Эх, проснуться бы да испытать радость, узнав, что вся его боль – след дурных сновидений. Но нет: в углу блиндажа зашевелился телефонист и послышался сдавленный голосок:
– Я – «Орех»!.. Ей-богу, не сплю!..
Федор Ксенофонтович, будто освободившись от сковывавших тело обручей, повернулся на озябшую спину, даже не сдвинув сползшую на расстегнутом ремне кобуру с пистолетом и больно вмявшуюся в бок. Где-то недалеко обвально разорвался снаряд. Спиной ощутил, как дрогнула земля, и ждал, что сейчас посыплются в лицо крошки, но вспомнил, что связисты распяли вчера на потолке блиндажа немецкую топографическую карту. После взрыва наступила окаменевшая тишина, столь непривычная для этих июльских фронтовых ночей, что в груди родилась тревога. Федор Ксенофонтович начал дремать, стараясь ни о чем не думать. Но мысли непостижимым образом вспыхивали в глубине мозга, будто крохотные искры, и вскоре разгорались, продолжая жечь его сердце. Вот он вдруг подумал о себе, как о затерявшемся маленьком и беспомощном человечке; будто взглянул с высоты поднебесья на изломанную, исполосованную землю. Там, где-то далеко внизу, за пеленой дымки, среди изрытых окопами буераков, между блиндажами и просто кротовыми норами, выдолбленными в крутостях оврагов, замаскирован блиндаж, в котором прикорнул на зыбких нарах генерал-майор Чумаков. Спит не спит, а казнится, копается в своих мыслях, как жук в песке, страдает, будто он один и ответствен за все, что происходит на белом свете. Тьфу!..
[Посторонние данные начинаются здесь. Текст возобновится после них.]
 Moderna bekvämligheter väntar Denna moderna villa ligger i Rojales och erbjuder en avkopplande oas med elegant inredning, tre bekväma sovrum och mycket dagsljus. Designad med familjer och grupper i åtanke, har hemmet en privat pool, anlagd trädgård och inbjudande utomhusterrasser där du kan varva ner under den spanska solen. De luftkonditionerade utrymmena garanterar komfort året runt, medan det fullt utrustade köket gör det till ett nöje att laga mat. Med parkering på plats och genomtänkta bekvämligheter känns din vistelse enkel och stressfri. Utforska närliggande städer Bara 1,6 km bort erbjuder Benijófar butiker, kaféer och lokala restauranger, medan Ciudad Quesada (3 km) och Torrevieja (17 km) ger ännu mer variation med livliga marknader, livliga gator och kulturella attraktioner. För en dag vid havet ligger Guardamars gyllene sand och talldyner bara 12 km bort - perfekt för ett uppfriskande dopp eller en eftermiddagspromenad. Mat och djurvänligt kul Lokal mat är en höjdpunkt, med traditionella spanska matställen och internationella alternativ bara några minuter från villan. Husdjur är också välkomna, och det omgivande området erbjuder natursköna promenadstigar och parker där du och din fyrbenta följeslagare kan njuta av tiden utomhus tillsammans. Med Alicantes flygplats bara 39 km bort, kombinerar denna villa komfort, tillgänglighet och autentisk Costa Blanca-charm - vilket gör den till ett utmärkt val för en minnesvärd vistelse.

Федор Ксенофонтович резко поднялся с нар и неожиданно для самого себя зло выматерился, позабыв, что в блиндаже телефонист.
– Что за ерундовина?! – с досадой спросил сам у себя. – Страдаю, как гимназистка, потерявшая невинность! Хватит!
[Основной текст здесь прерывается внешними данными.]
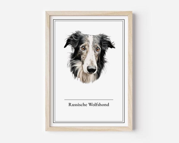 De Russische Wolfshond poster toont de gratie en elegantie van dit prachtige Russische ras. Met zijn lange, golvende vacht en statige uitstraling is deze hond een waar kunstwerk. Verkrijgbaar in A5, A4, 30x40 en A2 formaten, gedrukt op hoogwaardig 350 grams papier. Optioneel met een lijst in zwart, wit of hout voor een verfijnde afwerking.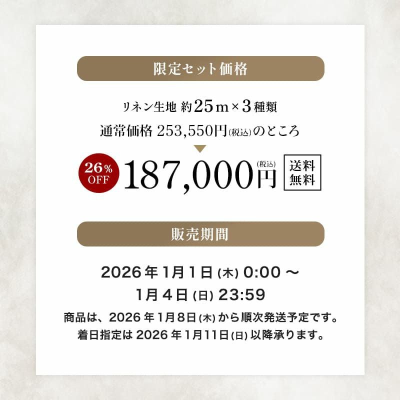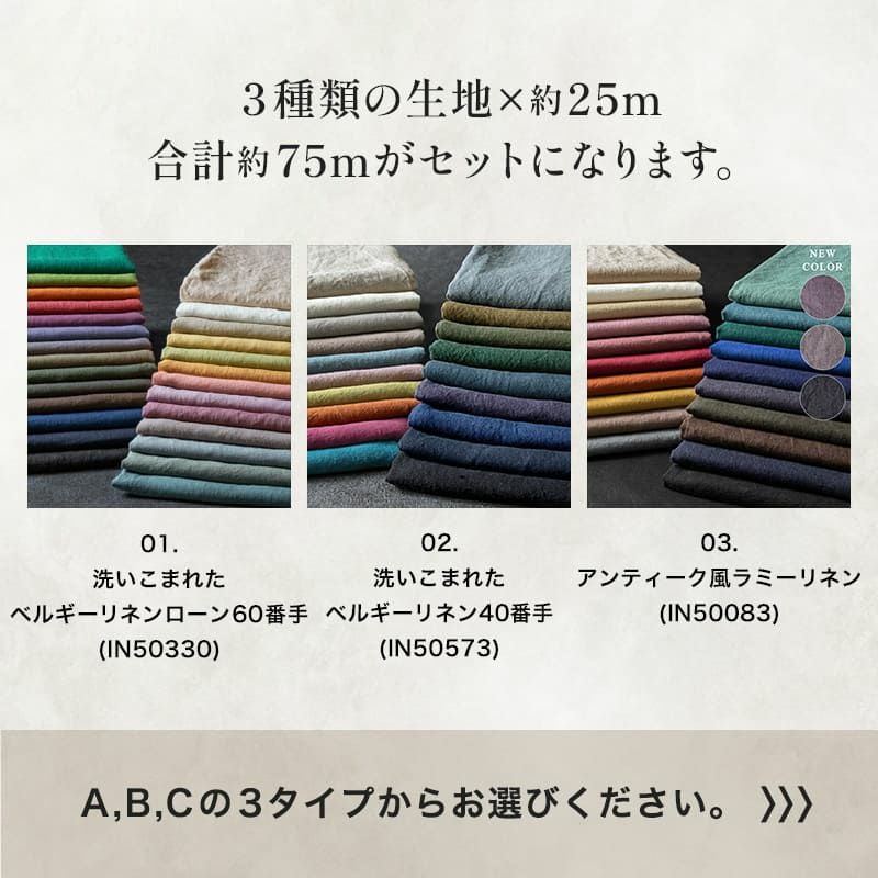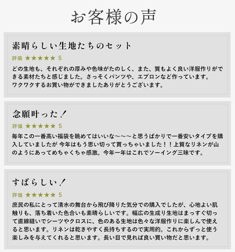 すべて生地の森オリジナルリネンで、通常では手に入らない特別なセット内容を、大変お得な価格でご用意しました。
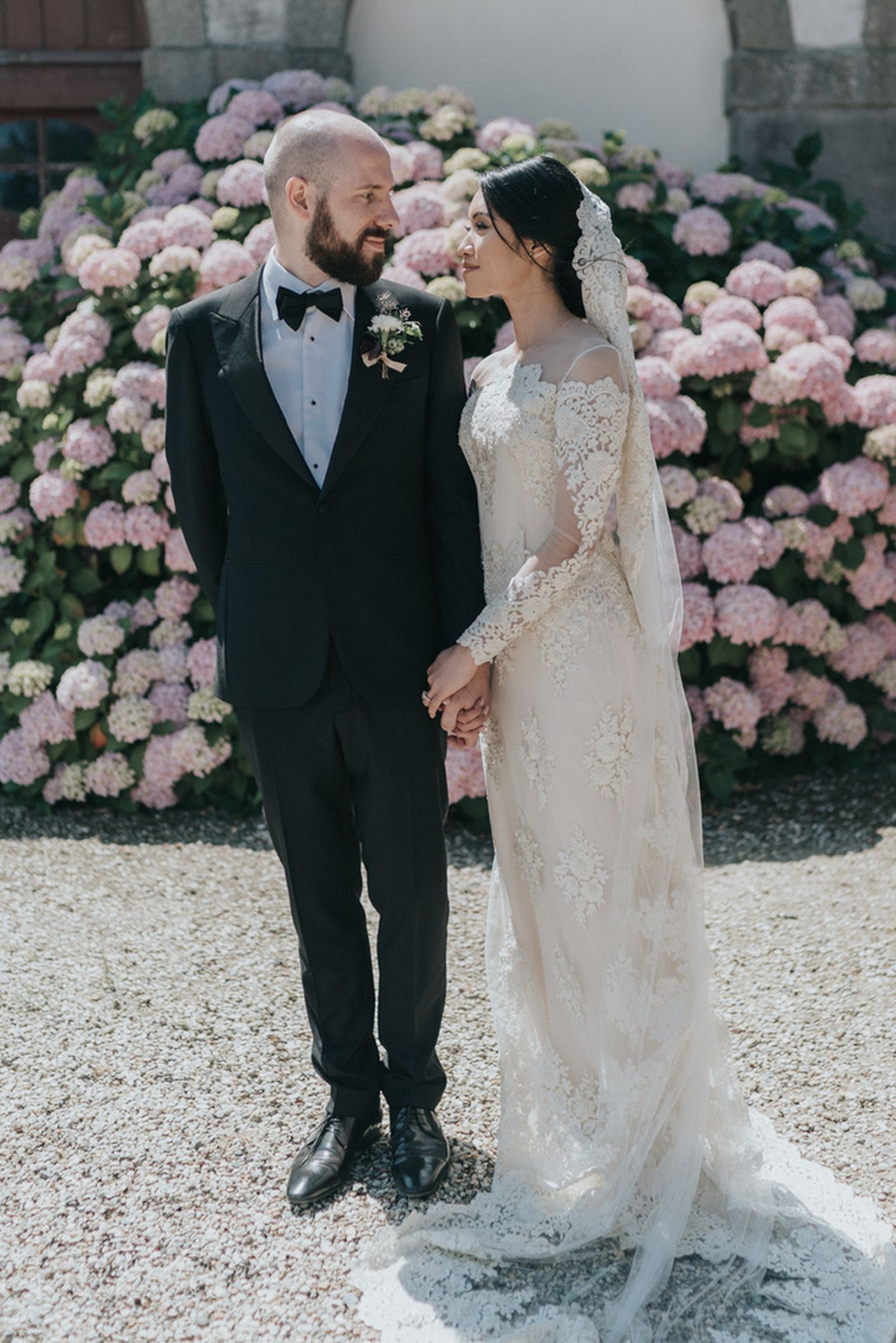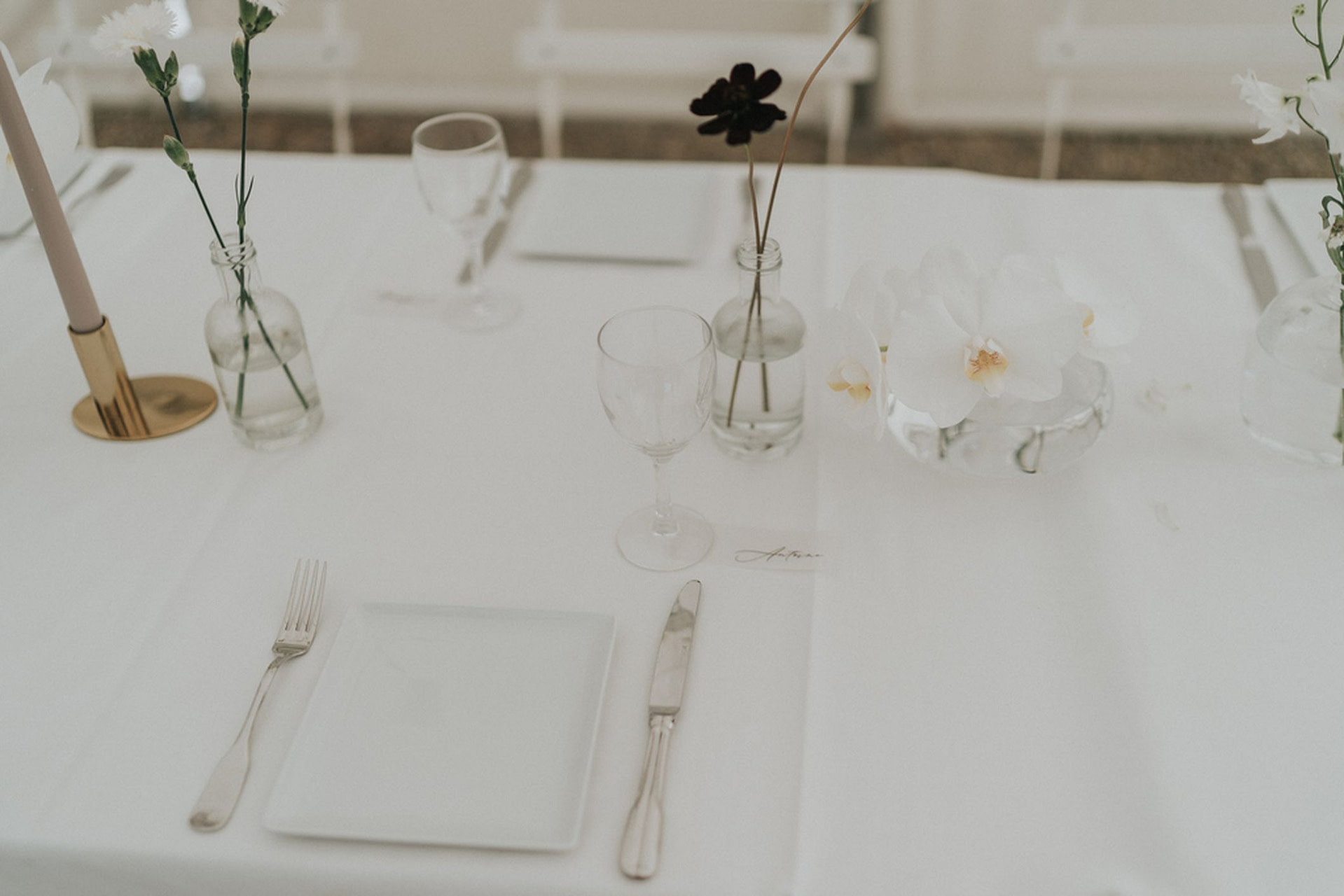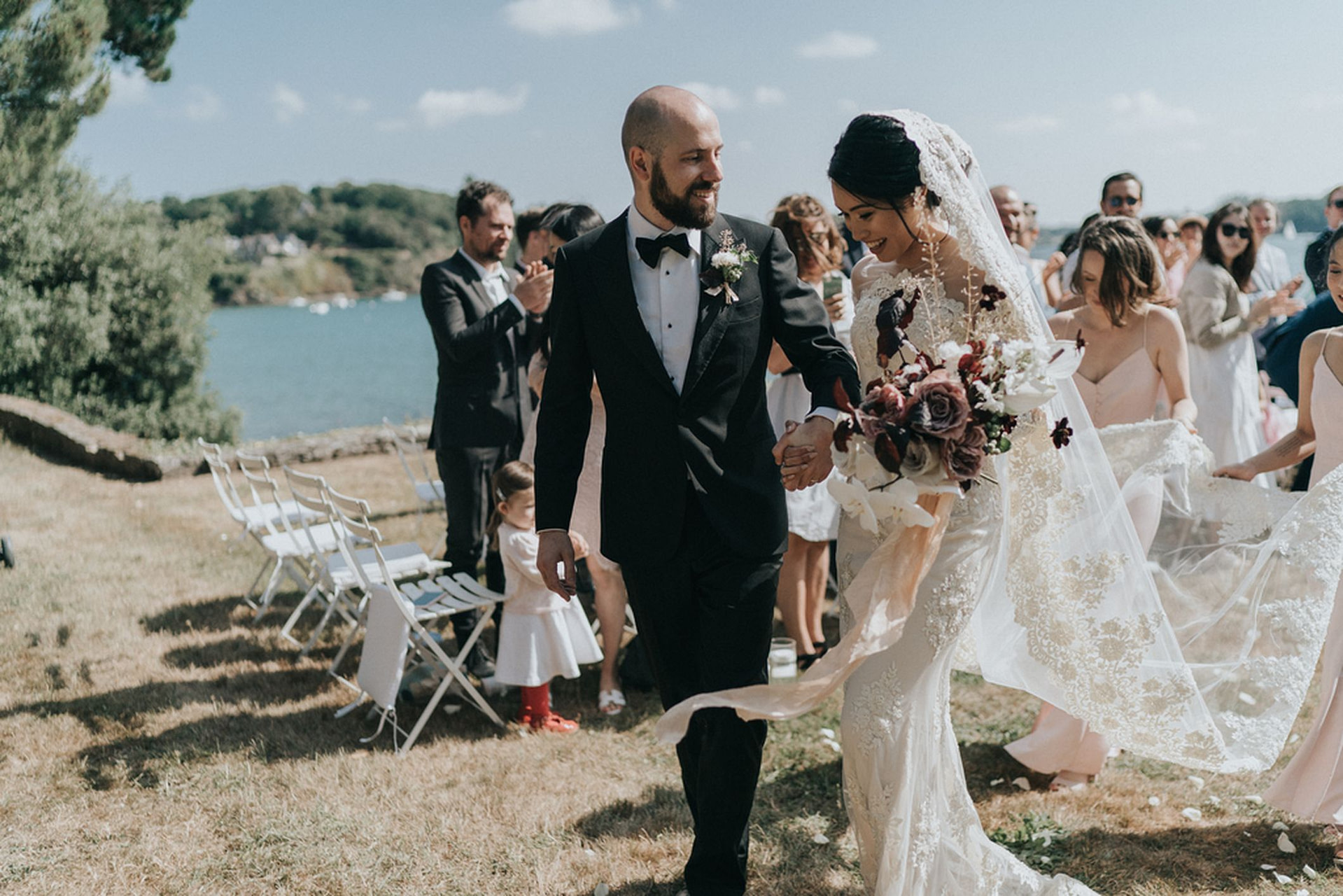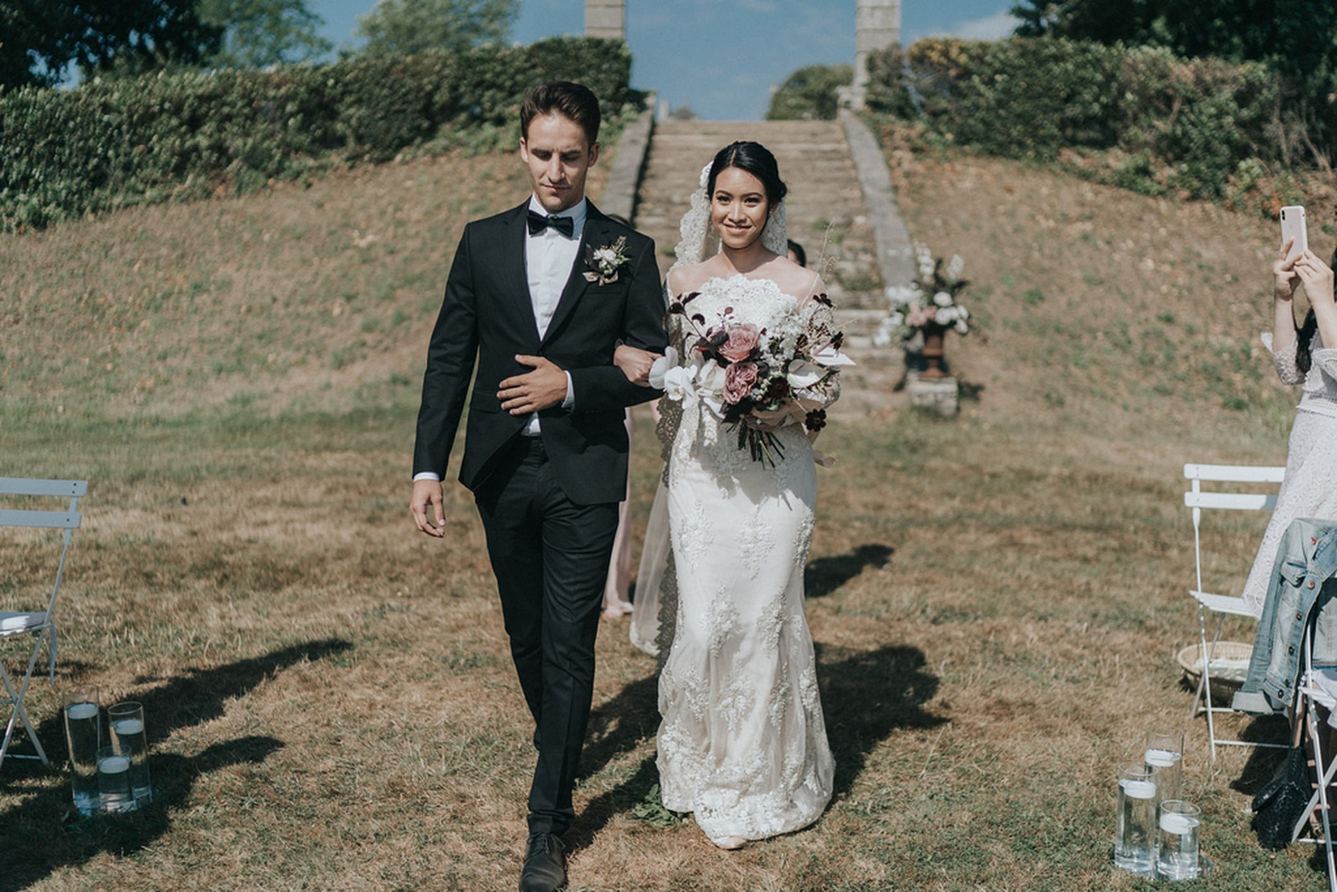 I was really looking forward to Marsha and Alexis’ wedding this season because their choice of colors and flowers has been really inspiring for me. An elegant and modern color palette mixing blush and dark tones, and bold flowers: phalaenopsis orchids, roses, anthuriums… The venue, Domaine du Montmarin, was really beautiful and unique and the ceremony took place right next to water. And what about this bride, isn’t she beautiful?!

– Виноват, товарищ генерал! – испуганно вскочил в углу блиндажа боец с прибинтованной к уху телефонной трубкой. Он был чуть различим в отсветах пожара, падающих в блиндаж сквозь входной проем. – На секунду задремал!
– Ладно, – бросил ему Чумаков, опомнившись.
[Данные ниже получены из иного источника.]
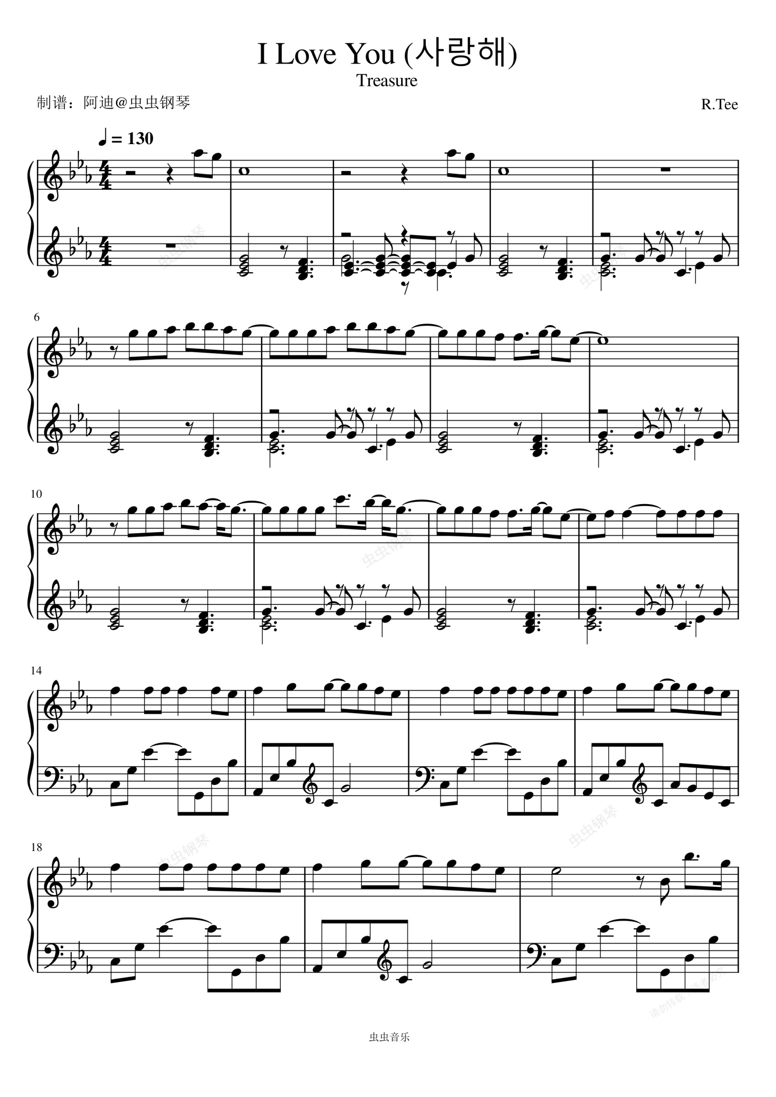 钢琴谱:I LOVE YOU - TREASURE (트레저)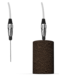 Each TLS-100 comes equipped with the standard 100 mm sensor for testing of soil, soft materials, polymers and easy to drill materials. The needle sensor is fully inserted into an isothermal sample and a measurement is made with the push of a button. After 180 seconds, results are displayed for thermal conductivity and thermal resistivity. Saved results can also be exported to a computer, via Micro-SD card or USB connection.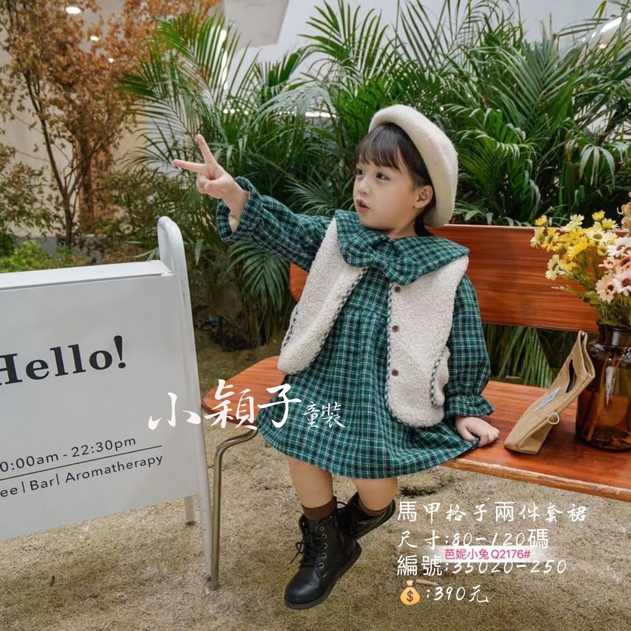 【台灣現貨】中小童新款馬甲格子兩件套裙 數量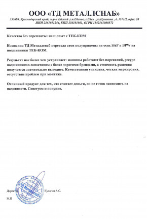 Актуальный сертификат на всю выпускаемую продукцию под брендом ТЕК-КОМ. Данный сертификат позволяет поставлять продукцию на ОЕМ производства.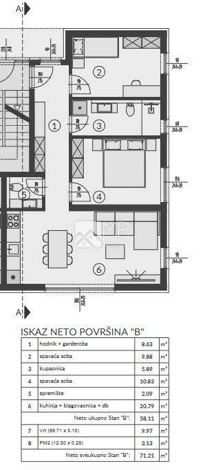 The apartment marked “B”, located on the ground floor of the building, extends over 71.21 m² and includes:

Привычно переобувал на ощупь сапоги и уже утешал себя тем, что не так плохи их дела, если вчера артиллеристы во главе с Рукатовым и Быхановым кинжальным ударом из засады расчерепашили больше двух десятков немецких танков. Правда, и сами подставились под прямой удар, понесли потери, однако наступление врага со стороны Красного затормозили. Надолго ли? Конечно же, не позже чем сегодня воды Лосвинки окрасятся кровью… Подоспело бы горючее, обещанное маршалом Тимошенко… А Рукатов и Быханов
– молодцы! Надо будет Рукатова восстановить в прежнем звании, а Быханова – к ордену представить, да пока не та обстановка.
Федор Ксенофонтович вышел из блиндажа в теплую полутьму, пахнущую смолой хвои. Выбрался из траншеи и оглянулся вокруг. Далеко впереди и слева полыхал большой пожар. Облачное небо румянилось от него, как от зарницы. В отсветах пожара полосатилась в медленных волнах багрово-белесая рожь, подступая к изрезанной оврагами возвышенности – командно-наблюдательному пункту генерала Чумакова.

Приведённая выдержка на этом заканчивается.